ABOUT THIS EXERCISE »
Keep images out and repeat all data exactly.

RECORDED INFORMATION »
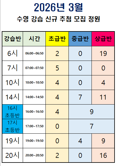 2026년 3월 수영강습 모집안내
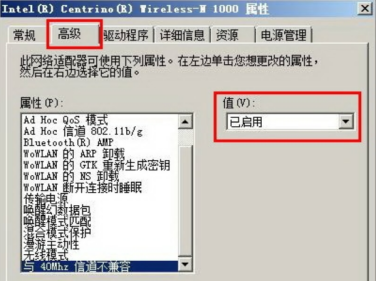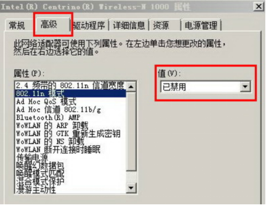3、点击画红线部分,在弹出界面点击“高级”,选择“802.11n 模式”,值选择“已禁用”,“与40Mhz信道不兼容”的值选择“已启用”,如下图:
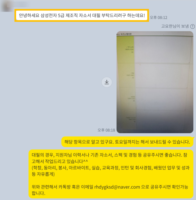 ✨ 모든 기업 자소서 첨삭, 작성 대행, 대필 가능합니다!
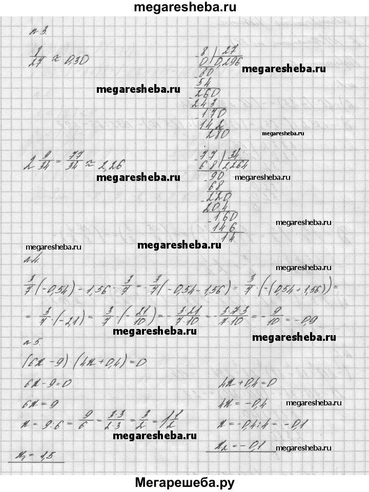 1. Выполните действие: а) 1,6 * (-4,5) б) -135,2 : (-6,5) в) -1*7/8 * 1*1/3 г) 1*2/3 : (-3*1/3). 2. Выполните действия: (-9,18 : 3,4 - 3,7) * 2,1 + 2,04. 3. Выразите числа 8/27 и 2*9/34 в виде приближенного значения десятичной дроби до сотых. 4. Найдите значение выражения 3/7(-0,54) - 1,56 * 3/7. 5. Найдите корни уравнения (6х - 9) (4х + 0,4) = 0.

EXERCISE RESPONSE »
 2026년 3월 수영강습 모집안내
3、点击画红线部分,在弹出界面点击“高级”,选择“802.11n 模式”,值选择“已禁用”,“与40Mhz信道不兼容”的值选择“已启用”,如下图:
 ✨ 모든 기업 자소서 첨삭, 작성 대행, 대필 가능합니다!
 1. Выполните действие: а) 1,6 * (-4,5) б) -135,2 : (-6,5) в) -1*7/8 * 1*1/3 г) 1*2/3 : (-3*1/3). 2. Выполните действия: (-9,18 : 3,4 - 3,7) * 2,1 + 2,04. 3. Выразите числа 8/27 и 2*9/34 в виде приближенного значения десятичной дроби до сотых. 4. Найдите значение выражения 3/7(-0,54) - 1,56 * 3/7. 5. Найдите корни уравнения (6х - 9) (4х + 0,4) = 0.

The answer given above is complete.